Among the entries below, which lines run from the line with "Este diseño destaca" through the line with "This document outlines"? Retype those, both ends included, exactly and without pictures.
:: DATA EXTRACT
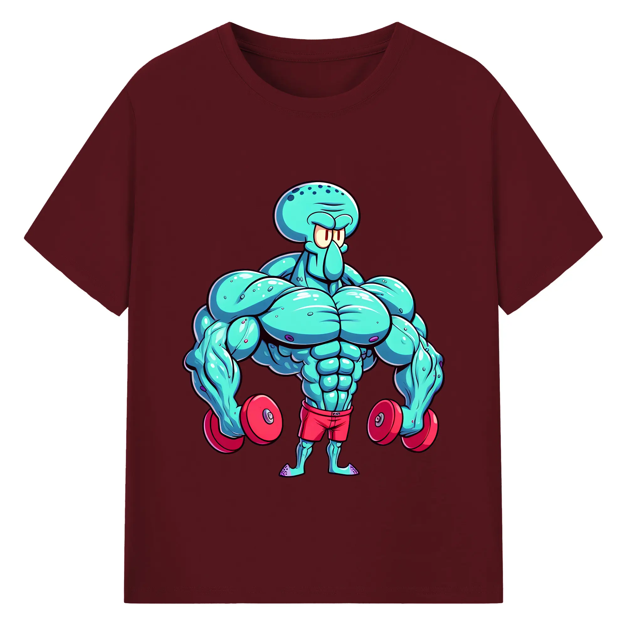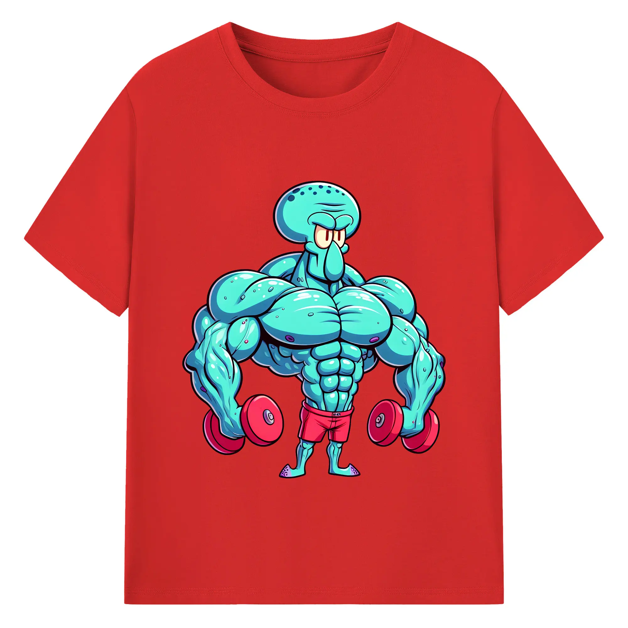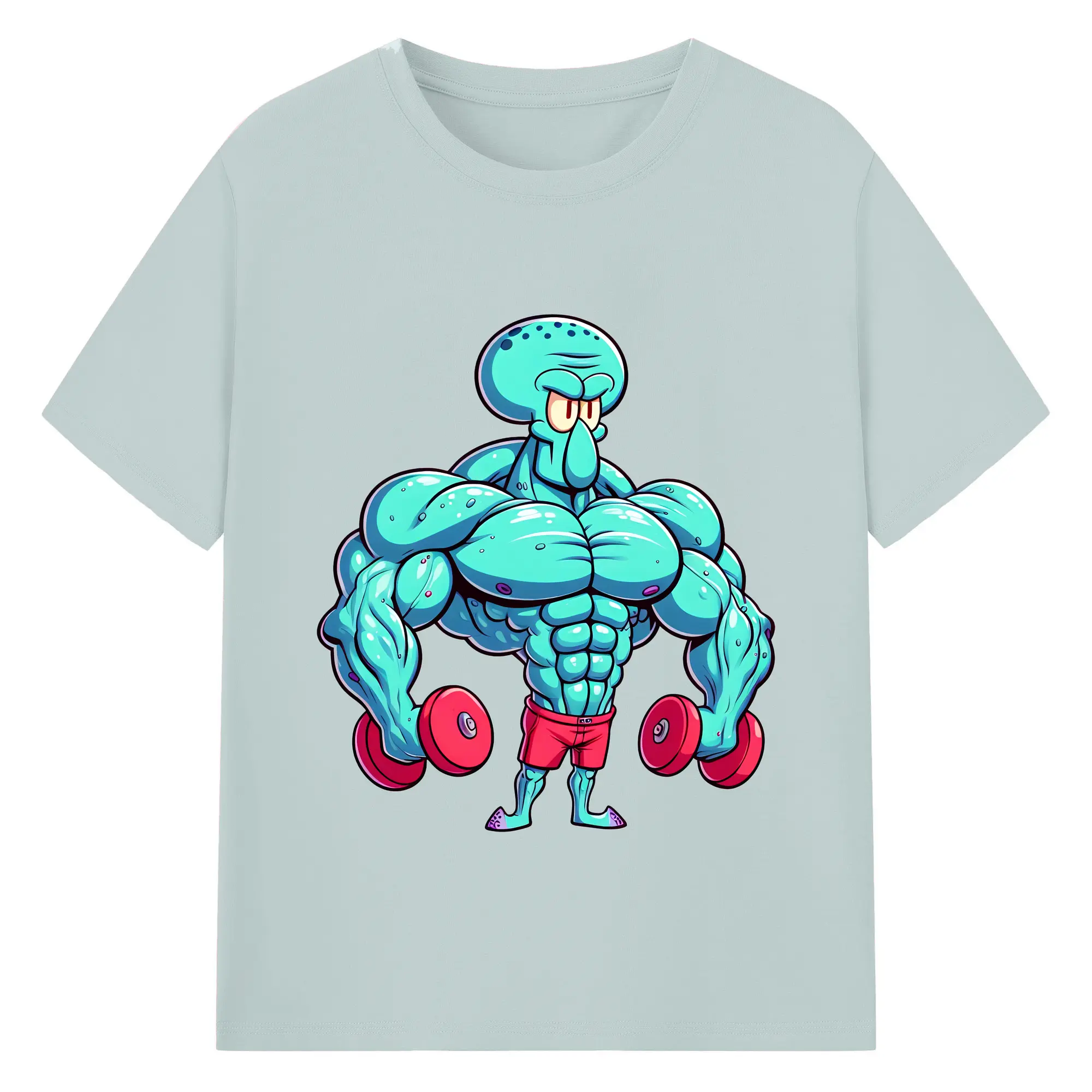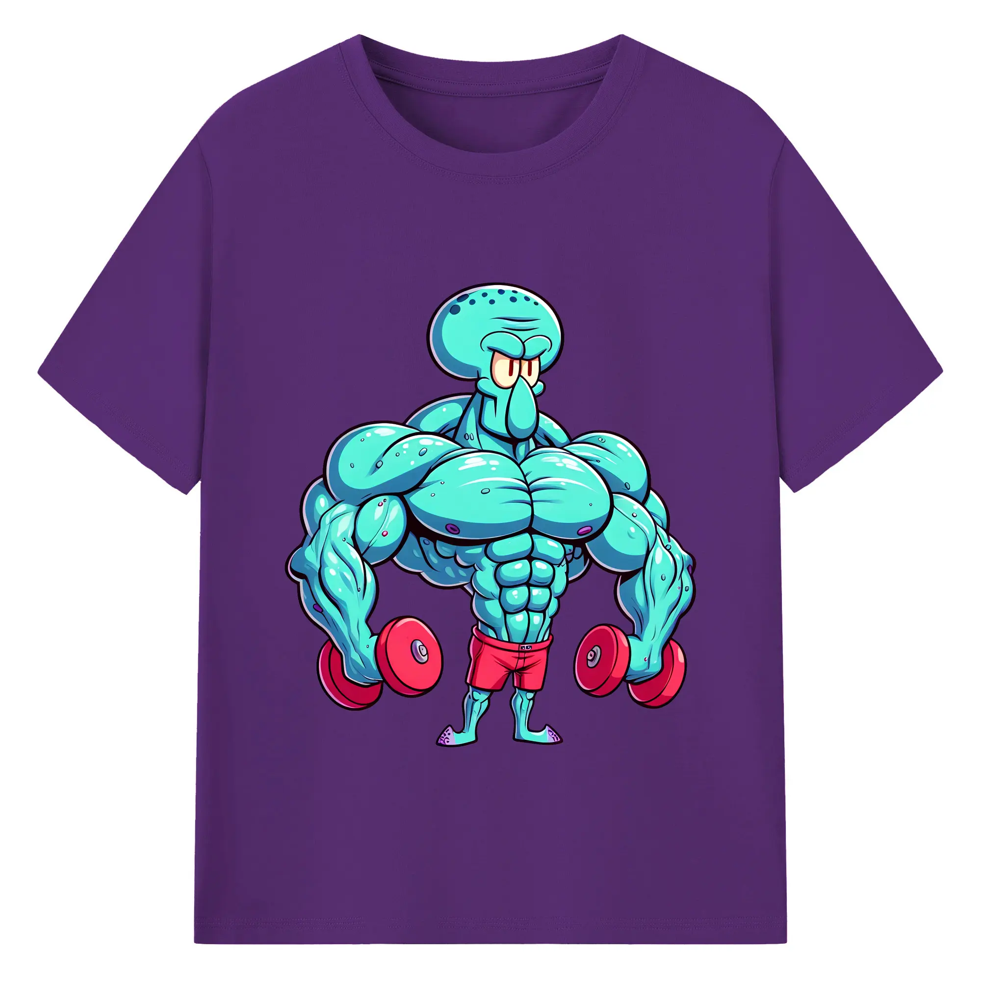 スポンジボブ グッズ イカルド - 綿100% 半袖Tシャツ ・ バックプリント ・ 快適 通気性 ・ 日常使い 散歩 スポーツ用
::::
:: DATA EXTRACT
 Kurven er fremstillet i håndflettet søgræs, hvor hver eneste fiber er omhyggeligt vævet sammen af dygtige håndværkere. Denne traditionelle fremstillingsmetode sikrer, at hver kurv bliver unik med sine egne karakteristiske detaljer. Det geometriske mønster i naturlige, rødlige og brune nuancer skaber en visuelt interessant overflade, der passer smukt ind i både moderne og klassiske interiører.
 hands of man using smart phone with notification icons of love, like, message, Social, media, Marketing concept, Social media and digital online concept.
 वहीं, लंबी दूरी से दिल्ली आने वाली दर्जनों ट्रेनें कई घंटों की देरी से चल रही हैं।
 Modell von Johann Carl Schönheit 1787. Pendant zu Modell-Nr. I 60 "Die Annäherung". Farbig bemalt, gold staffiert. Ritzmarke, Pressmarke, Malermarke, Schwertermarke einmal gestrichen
::::
:: DATA EXTRACT
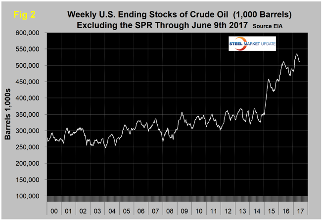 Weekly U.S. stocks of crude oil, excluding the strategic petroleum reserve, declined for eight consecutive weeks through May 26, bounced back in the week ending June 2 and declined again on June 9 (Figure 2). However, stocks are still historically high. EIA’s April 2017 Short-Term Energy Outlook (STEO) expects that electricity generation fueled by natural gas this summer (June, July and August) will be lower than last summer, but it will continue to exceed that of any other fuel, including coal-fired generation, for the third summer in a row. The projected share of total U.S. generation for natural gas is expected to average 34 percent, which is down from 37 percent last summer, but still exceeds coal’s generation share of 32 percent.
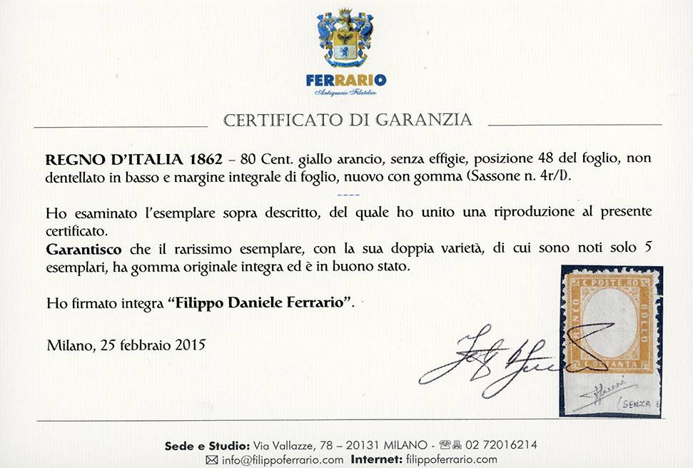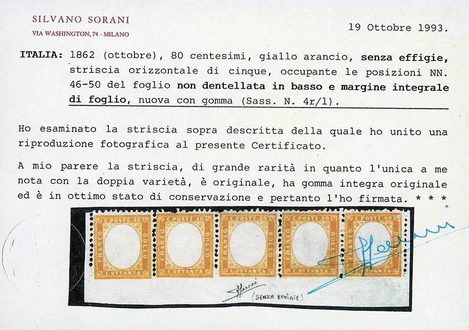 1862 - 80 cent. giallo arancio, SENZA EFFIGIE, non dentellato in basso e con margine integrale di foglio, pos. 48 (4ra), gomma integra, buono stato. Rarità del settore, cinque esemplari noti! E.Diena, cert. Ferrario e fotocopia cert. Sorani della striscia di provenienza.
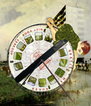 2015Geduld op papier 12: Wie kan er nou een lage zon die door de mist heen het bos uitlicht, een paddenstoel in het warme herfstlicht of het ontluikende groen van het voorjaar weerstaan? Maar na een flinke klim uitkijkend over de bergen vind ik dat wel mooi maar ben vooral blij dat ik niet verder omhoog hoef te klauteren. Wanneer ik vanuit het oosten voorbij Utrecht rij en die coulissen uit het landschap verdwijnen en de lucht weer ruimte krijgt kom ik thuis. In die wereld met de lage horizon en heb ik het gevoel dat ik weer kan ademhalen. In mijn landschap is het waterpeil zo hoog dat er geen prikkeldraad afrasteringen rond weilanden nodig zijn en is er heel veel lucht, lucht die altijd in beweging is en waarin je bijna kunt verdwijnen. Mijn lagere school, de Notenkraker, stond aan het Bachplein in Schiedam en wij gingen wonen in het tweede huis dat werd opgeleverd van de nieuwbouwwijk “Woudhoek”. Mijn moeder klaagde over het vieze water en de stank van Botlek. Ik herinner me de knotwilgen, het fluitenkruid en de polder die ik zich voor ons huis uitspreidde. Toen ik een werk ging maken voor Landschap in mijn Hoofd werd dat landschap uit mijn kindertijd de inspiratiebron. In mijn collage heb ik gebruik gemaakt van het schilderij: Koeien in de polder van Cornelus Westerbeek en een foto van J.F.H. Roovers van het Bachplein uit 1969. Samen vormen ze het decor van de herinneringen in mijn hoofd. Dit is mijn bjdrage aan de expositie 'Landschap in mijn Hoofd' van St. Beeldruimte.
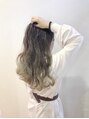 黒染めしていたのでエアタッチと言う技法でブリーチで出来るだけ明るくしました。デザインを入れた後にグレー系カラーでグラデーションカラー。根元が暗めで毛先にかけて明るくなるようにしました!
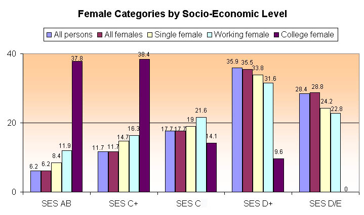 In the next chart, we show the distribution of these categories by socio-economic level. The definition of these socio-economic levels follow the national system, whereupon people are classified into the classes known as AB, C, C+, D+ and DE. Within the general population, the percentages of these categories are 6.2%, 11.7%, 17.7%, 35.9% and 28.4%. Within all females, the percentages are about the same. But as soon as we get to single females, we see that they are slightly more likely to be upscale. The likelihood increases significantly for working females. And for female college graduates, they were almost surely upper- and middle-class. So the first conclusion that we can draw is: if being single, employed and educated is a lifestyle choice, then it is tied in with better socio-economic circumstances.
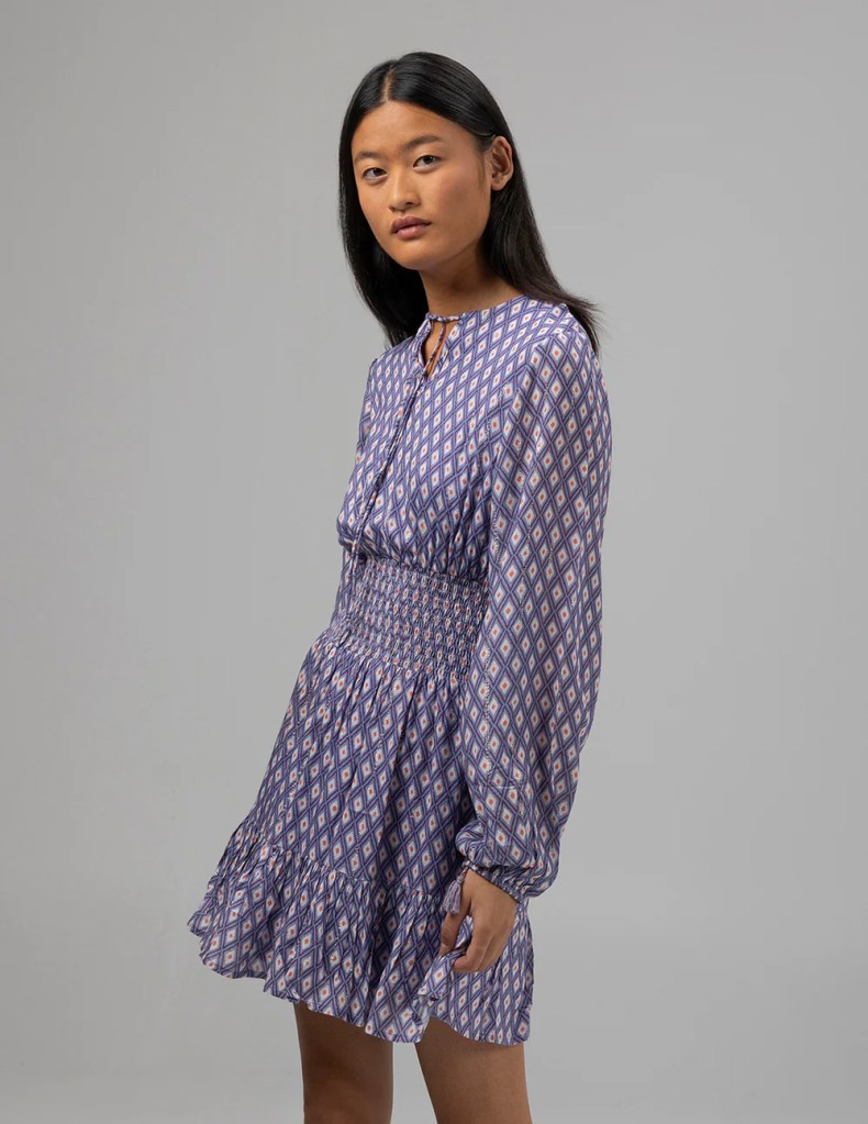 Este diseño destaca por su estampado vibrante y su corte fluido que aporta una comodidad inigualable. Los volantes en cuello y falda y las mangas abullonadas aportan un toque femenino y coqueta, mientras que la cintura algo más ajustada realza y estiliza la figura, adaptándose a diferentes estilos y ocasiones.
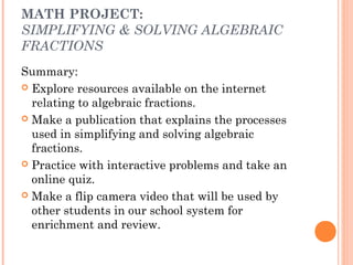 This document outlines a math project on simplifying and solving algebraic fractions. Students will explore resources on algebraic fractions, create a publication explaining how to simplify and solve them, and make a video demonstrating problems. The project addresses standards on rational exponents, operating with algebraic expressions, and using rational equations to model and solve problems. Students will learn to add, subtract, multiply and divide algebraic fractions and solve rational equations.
::::
◆ RESPONSE TO THE TASK
 Este diseño destaca por su estampado vibrante y su corte fluido que aporta una comodidad inigualable. Los volantes en cuello y falda y las mangas abullonadas aportan un toque femenino y coqueta, mientras que la cintura algo más ajustada realza y estiliza la figura, adaptándose a diferentes estilos y ocasiones.
 This document outlines a math project on simplifying and solving algebraic fractions. Students will explore resources on algebraic fractions, create a publication explaining how to simplify and solve them, and make a video demonstrating problems. The project addresses standards on rational exponents, operating with algebraic expressions, and using rational equations to model and solve problems. Students will learn to add, subtract, multiply and divide algebraic fractions and solve rational equations.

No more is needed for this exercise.